Trex is a combination of polymers and wood flour. Trex is resistant to termite infestations. You can buy it easily because Trex is provided abundantly.

The last alternative for decks is vinyl, which is cheaper than pressure-treated wood. It has good resistance to termites and functions with proper maintenance. The vinyl deck also has a wide variety of shades and colors.

Pressure-treated deck cost per square foot

An average pressure-treated wood deck costs $6 per square foot or $12 to $18 per square foot, including installation.

Homeowners typically spend $6 to $8 per square foot on materials to build a deck with natural wood.

Cost can increase quickly if you are inexperienced with Pressure Treated Deck installations.

The average cost for a new deck installation is $7,696, ranging from $4,160 to $11,257. Hiring a licensed and insured contractor is recommended.

Before starting, make sure you have the Pressure Treated Deck manufacturer’s recommended installation requirements to avoid added costs in the long run.

A Comprehensive Guide to Pressure-Treated Decking Costs

We strongly recommend contacting reputable professionals for an accurate assessment of the work required and costs for your deck project before making any decisions or commitments.

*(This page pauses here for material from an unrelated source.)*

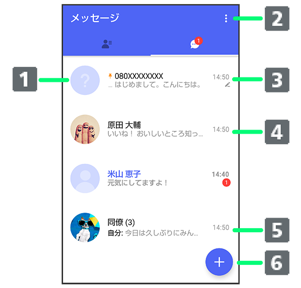 メッセージ一覧画面でメッセージをロングタッチ- メッセージの固定を解除するときは、メッセージ一覧画面でメッセージをロングタッチ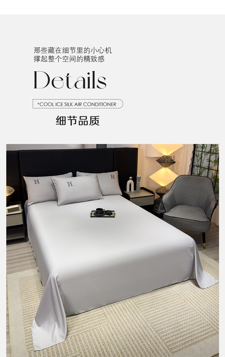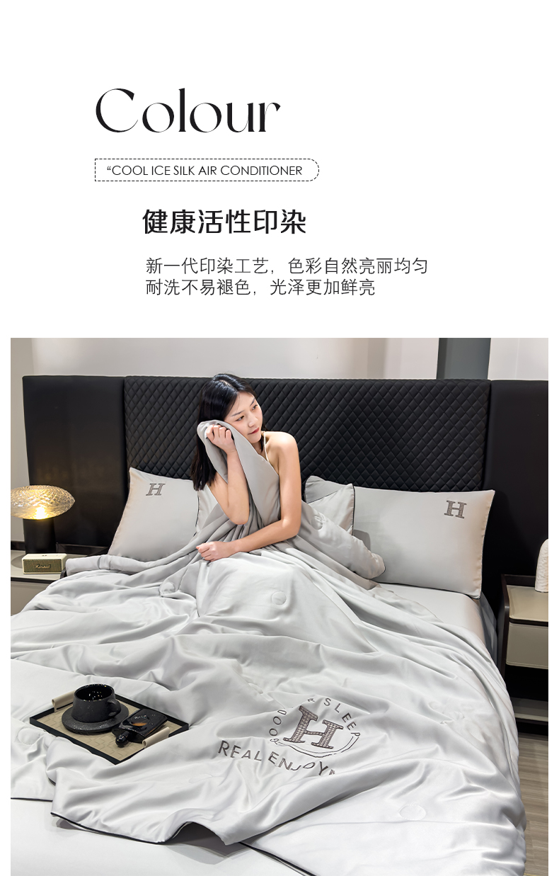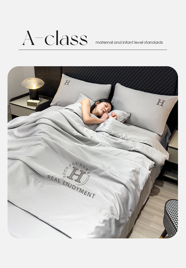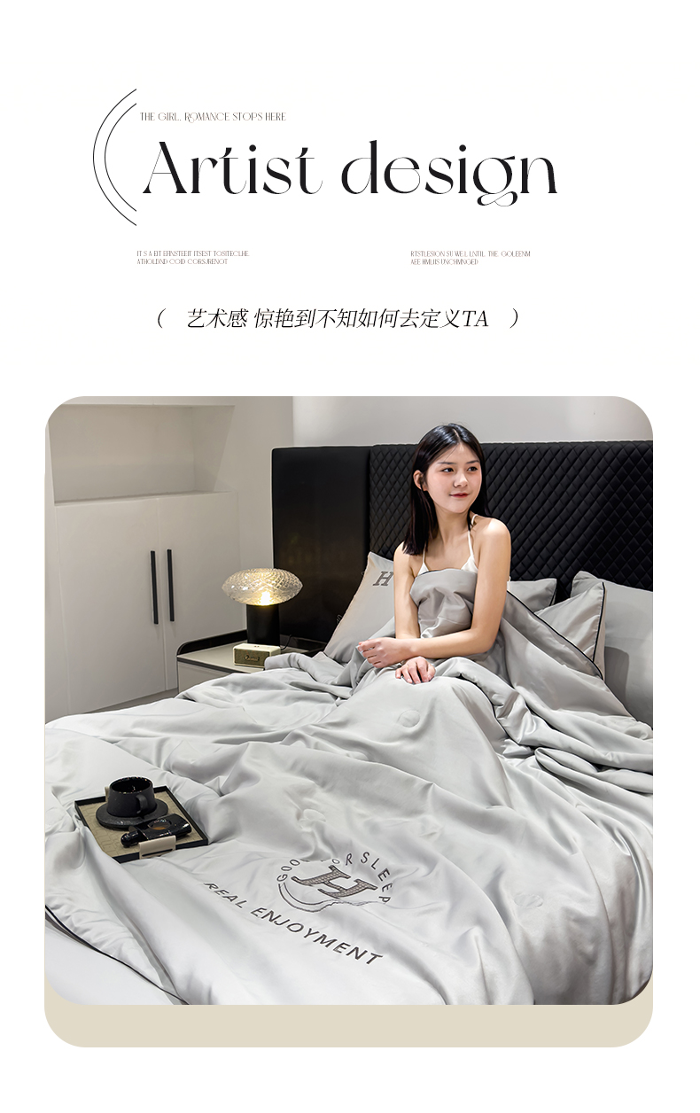 • 91家纺网 家纺一手货源 找家纺 星航家纺 2025新款轻奢夏被四件套晾感冰丝空调被水洗冰丝夏被 浅灰

To complete the labor tasks, we suggest laying out and installing 6-inch wide decking on your existing deck support framing, fabricating the decking, and securing it with corrosion-resistant flush-mount deck screws.

Estimates for pressure-treated deck costs may require an on-site inspection and are usually offered for free. Be prepared for a sales pitch during the estimate presentation.

The cost range for labor may vary due to differences in workload, job location, and seasonal wage rates.

Installation costs for complex deck configurations (non-rectangular shape, many corners, multiple levels, etc.) can vary greatly. We recommend collecting detailed bids from several qualified professionals for an accurate cost estimate.

Our deck cost estimates exclude removal/disposal of old decking, repair of damage, and building of attached structures (benches, railings, etc.). Included are a foundation, framing, deck edging costs, and corrosion-resistant fastening (stainless steel, aluminum, or galvanized).

Higher-priced pressure-treated decking often offers more durable materials, extended warranties, and improved appearance and finish options.

Pressure-treated deck installation costs vary by location. To get an accurate estimate in your area, enter your zip code in our calculator.

You can reduce your total project cost by having multiple vendors bid on the same detailed work specification for your deck project.

And you can save on installation costs by combining similar jobs or having the project done during low-demand periods for the contractor.